§ **What this task involves**
Copy exactly, and only, the lines between the start of the entries below and the line containing "鸡胸洗干净,从侧面切开", both inclusive. Omit pictures.

§ **Given records**

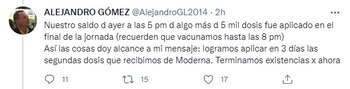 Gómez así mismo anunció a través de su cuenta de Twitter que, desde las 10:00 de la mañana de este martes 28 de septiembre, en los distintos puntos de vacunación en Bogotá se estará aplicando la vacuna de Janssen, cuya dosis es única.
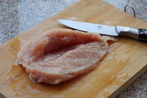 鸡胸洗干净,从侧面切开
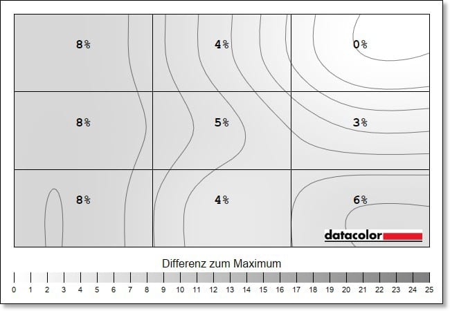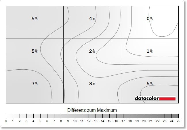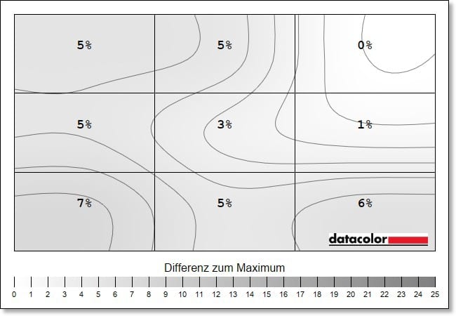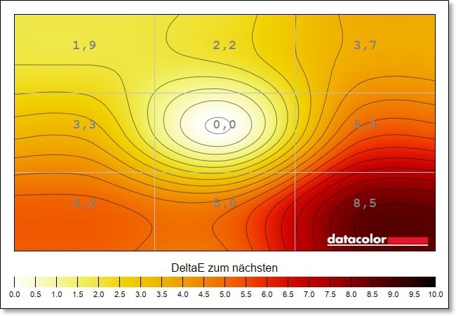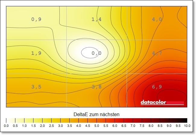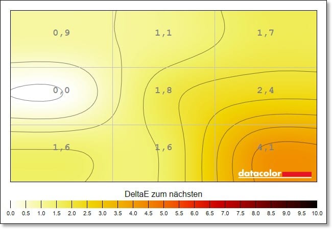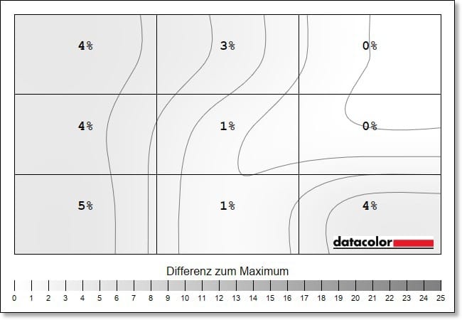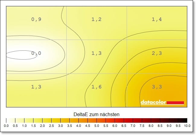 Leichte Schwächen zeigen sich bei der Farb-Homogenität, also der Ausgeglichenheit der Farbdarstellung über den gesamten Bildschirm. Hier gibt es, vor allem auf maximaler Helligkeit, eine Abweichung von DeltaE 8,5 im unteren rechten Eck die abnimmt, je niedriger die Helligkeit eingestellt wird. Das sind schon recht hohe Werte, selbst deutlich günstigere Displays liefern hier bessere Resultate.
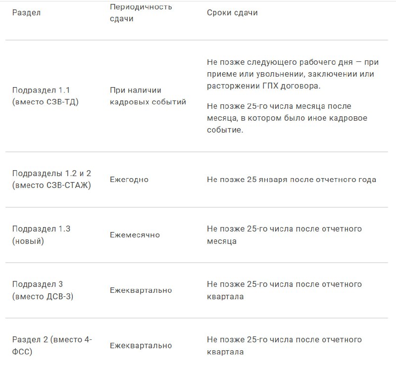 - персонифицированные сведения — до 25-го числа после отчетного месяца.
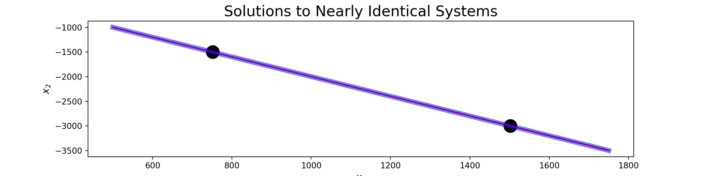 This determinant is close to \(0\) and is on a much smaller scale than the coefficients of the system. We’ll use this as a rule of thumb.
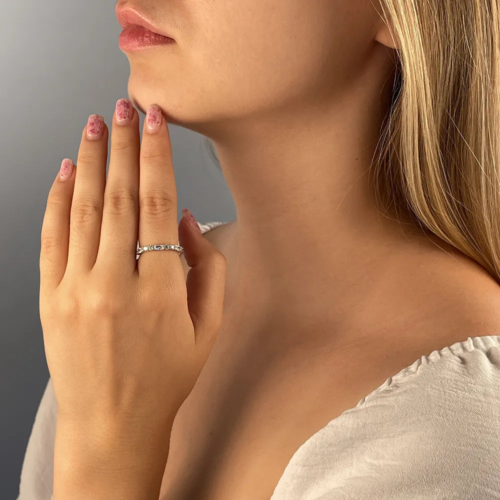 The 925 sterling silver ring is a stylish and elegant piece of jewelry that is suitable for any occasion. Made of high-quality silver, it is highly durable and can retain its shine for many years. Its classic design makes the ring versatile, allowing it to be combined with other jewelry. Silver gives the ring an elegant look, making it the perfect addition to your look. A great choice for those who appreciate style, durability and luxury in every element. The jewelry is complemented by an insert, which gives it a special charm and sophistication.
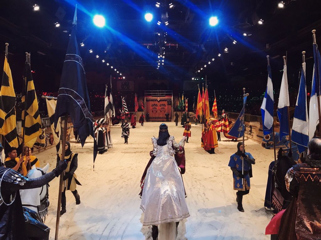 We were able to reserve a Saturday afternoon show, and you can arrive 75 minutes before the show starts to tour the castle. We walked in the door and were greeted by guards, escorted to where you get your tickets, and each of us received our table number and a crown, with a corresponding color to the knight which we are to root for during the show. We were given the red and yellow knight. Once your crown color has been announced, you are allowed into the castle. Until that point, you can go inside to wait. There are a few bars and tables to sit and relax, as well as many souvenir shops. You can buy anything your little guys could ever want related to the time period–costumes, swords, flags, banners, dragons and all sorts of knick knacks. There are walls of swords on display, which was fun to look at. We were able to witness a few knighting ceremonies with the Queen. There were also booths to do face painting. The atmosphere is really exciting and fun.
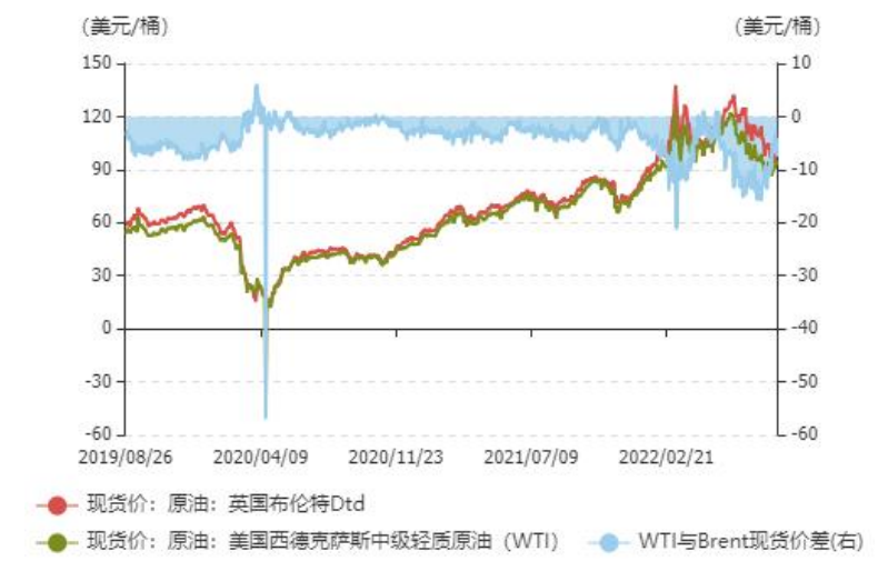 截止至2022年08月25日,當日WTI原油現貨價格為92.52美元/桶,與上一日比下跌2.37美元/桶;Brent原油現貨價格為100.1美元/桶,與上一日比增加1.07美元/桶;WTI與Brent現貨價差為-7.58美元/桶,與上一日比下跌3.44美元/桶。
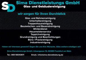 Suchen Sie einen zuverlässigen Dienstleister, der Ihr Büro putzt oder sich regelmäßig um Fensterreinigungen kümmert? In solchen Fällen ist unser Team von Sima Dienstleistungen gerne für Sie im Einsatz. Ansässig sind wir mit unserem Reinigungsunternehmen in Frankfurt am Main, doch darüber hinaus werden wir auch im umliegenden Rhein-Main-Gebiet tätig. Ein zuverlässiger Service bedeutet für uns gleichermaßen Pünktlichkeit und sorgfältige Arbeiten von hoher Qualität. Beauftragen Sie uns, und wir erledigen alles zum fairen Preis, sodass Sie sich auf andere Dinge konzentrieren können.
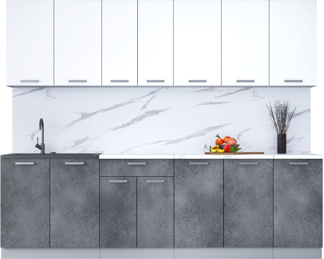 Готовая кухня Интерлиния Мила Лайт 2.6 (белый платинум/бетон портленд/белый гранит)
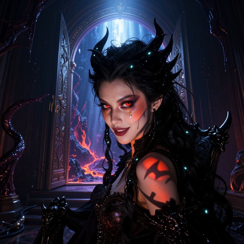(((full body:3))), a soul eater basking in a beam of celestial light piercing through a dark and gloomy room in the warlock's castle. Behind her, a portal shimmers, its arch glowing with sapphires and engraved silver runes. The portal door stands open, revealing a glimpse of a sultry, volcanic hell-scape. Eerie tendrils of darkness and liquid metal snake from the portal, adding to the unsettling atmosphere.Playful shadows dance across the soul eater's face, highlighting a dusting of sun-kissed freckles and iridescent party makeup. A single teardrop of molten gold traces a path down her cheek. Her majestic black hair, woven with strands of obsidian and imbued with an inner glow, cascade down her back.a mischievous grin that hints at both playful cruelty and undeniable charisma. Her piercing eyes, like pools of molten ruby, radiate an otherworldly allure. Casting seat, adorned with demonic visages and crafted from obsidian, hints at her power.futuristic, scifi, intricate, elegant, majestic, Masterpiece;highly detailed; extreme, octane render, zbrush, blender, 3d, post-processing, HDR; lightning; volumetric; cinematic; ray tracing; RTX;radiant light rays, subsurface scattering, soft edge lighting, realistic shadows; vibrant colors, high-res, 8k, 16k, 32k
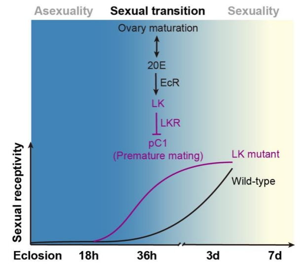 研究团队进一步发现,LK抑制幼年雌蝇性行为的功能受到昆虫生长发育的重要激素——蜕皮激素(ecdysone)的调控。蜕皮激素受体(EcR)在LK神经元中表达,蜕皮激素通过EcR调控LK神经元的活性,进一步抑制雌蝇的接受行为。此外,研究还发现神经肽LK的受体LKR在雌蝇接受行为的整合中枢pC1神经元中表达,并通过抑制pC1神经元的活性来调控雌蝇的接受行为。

§ **Response**
 Gómez así mismo anunció a través de su cuenta de Twitter que, desde las 10:00 de la mañana de este martes 28 de septiembre, en los distintos puntos de vacunación en Bogotá se estará aplicando la vacuna de Janssen, cuya dosis es única.
 鸡胸洗干净,从侧面切开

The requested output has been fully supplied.